Our results have some worth noting limitations linked to the lack of individual-level data nationwide. Pollution exposure was approximated by calculating the shortest distance between the centroid of the municipality of the residential address and the closest high traffic road. Individual information on smoking habits was not available and as previously done, we adjusted the models for deprivation index which could be a predictor of smoking habits independent of personal characteristics [
15,
17]. Lung cancer takes many years to develop and residence at death is likely to be a poor measure of lifelong exposure to pollution. Nevertheless, ignoring latency should flatten the risk estimates if population commuting is random with respect to lung cancer. Moreover, residents in urban settings may move more frequently compared to residents in rural settings, which could attenuate effect estimates obtained in urban settings. Finally, emissions from vehicles may have changed significantly over time due to improved vehicle emission controls.

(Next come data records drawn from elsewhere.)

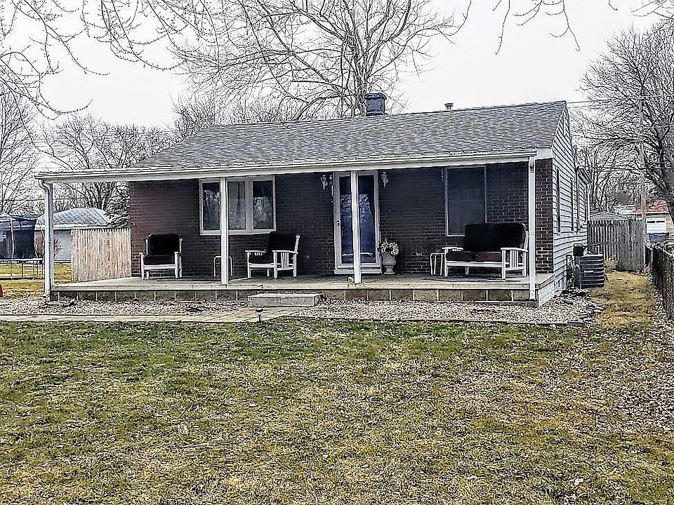 Great location, spacious home, affordable price! Yorktown schools! Large enough to enjoy sitting on, the front porch welcomes and leads you in to the nice sized living room with large picture window. The updated eat-in kitchen features plenty of white cabinets, new countertops (1 yr), and all appliances including range, refrigerator, microwave, and built-in dishwasher. Off the kitchen is a really spacious laundry room with storage cabinets and access to the large back yard. Two of the home's bedrooms are oversized: Master bedroom has two roomy walk-in closets and patio doors also accessing the back yard and the second bedroom makes a perfect bedroom/study space (one wall has chalkboard paint). The nice bath is a 4-piece and has a newer vanity and ceramic tile floor. Other information as follows per seller: Central air unit new 2017; roof shingles new 2017; new water heater; plumbing capped off in crawl space under BR 2 for addition of second bath; replacement windows. Property tax exemptions may not be in place for 2020 payable 2021 as there was a deed change and the new exemptions were not filed prior to the end of 2020. You'll be excited for warm weather so you can enjoy the wonderful above ground pool installed by Wasson's in late Summer/early Fall 2019 but only used one season (2020) - size is 24' x 48'. ***Landscaping includes many perennials; seller reserves and will take some of the bulbs. Whole back yard has newer privacy fencing!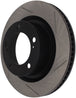StopTech Slotted Sport Rotors are 1-piece direct replacement brake discs for factory brake systems and stock calipers that look great behind your wheels – and offer significantly improved braking performance. The unique slotting aids with heat and brake dust dispersal, prevents glazing of the pads, adds bite and improves wet and dry braking performance. Built to last, the black e-coating provides protection from corrosion and the high carbon metallurgy (in most applications) offers quieter operation, better crack resistance and increased performance.
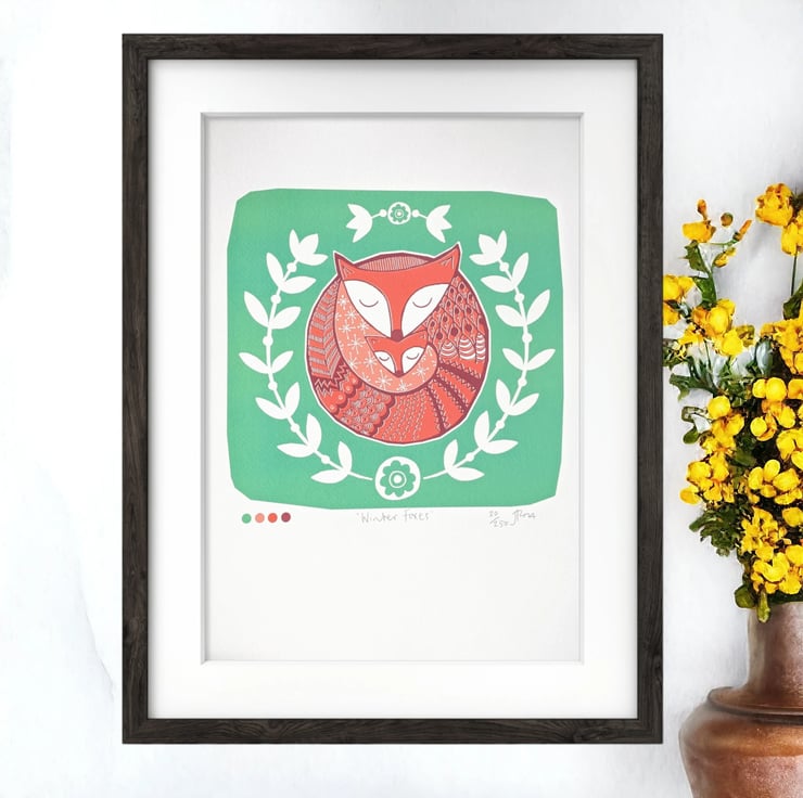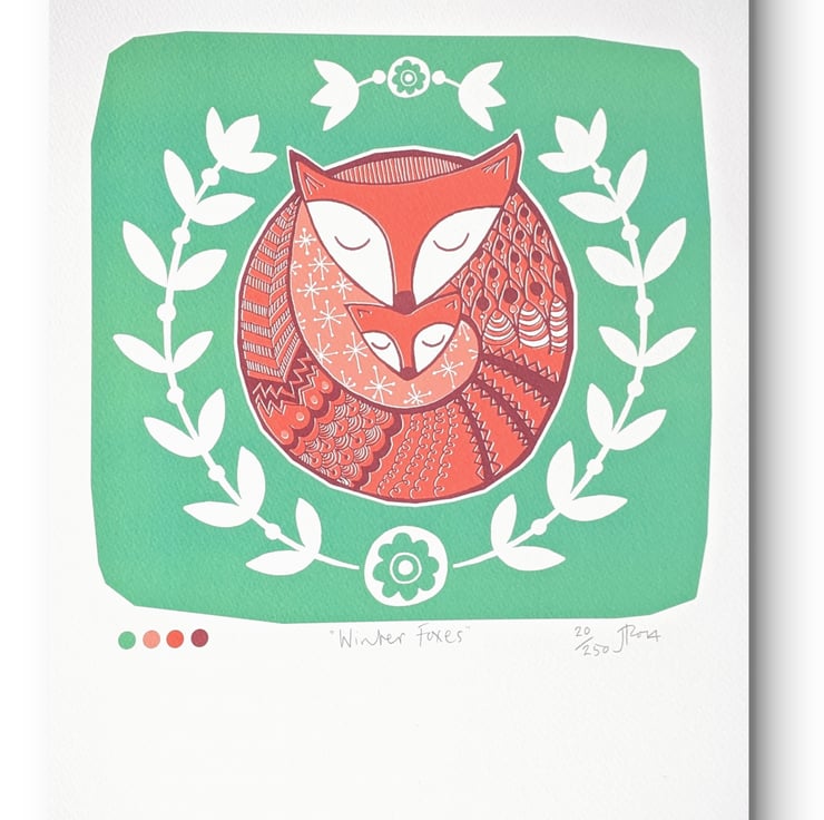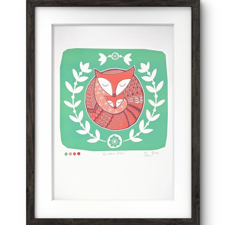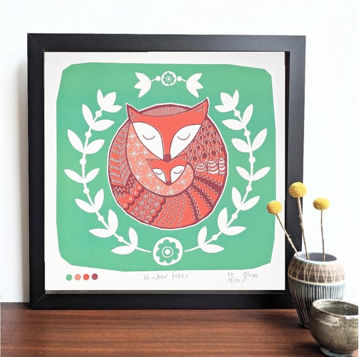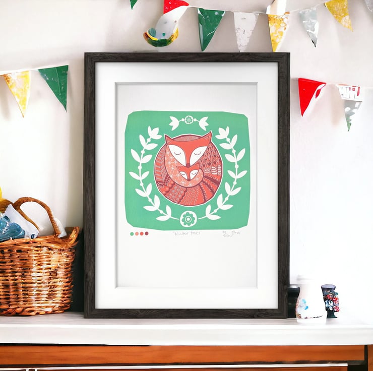A lovely pair of foxes snuggling down for a snooze. This digital print is taken from a hand-drawn design of mine and printed onto lovely thick textured paper. Perfect for a nursery or child's room!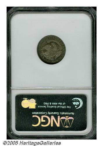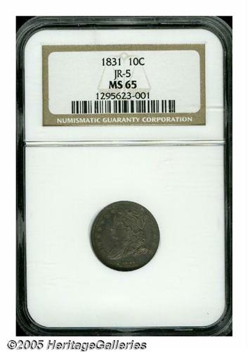 <B>1831<10C> MS65 NGC.</B></I> JR-5, R.1. Rich layers of golden and steel-blue cover both sides. The underlying surfaces are boldly detailed and reveal unmistakable signs of die clashing on the obverse. While far from a scarcity within the Capped Bust series, any Gem representative of this early type is a significant offering. Population: 21 in 65, 15 finer (4/05).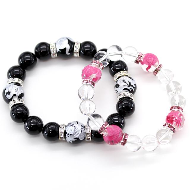 大切な相手にお守り数珠ペアブレスレット★オニキス四神獣と天然水晶四神獣の2点セット★パワーストーン ★運気を良い方向に導く!

Study strengths include the very large series of mortality data that allowed for stable risk estimates. Selection bias is unlikely, because we took advantage of the complete Italian official mortality database and we used underlying lung cancer death as the endpoint of the study. The effects of single air pollutants are difficult to disentangle, while distance is a comprehensive proxy of any pollutant exposure not susceptible to the potential bias of selecting indicators difficult to measure or not specifically linked to traffic exposure. We adjusted all models for UR status and North-South gradient to take into account urban and regional pollution nationwide.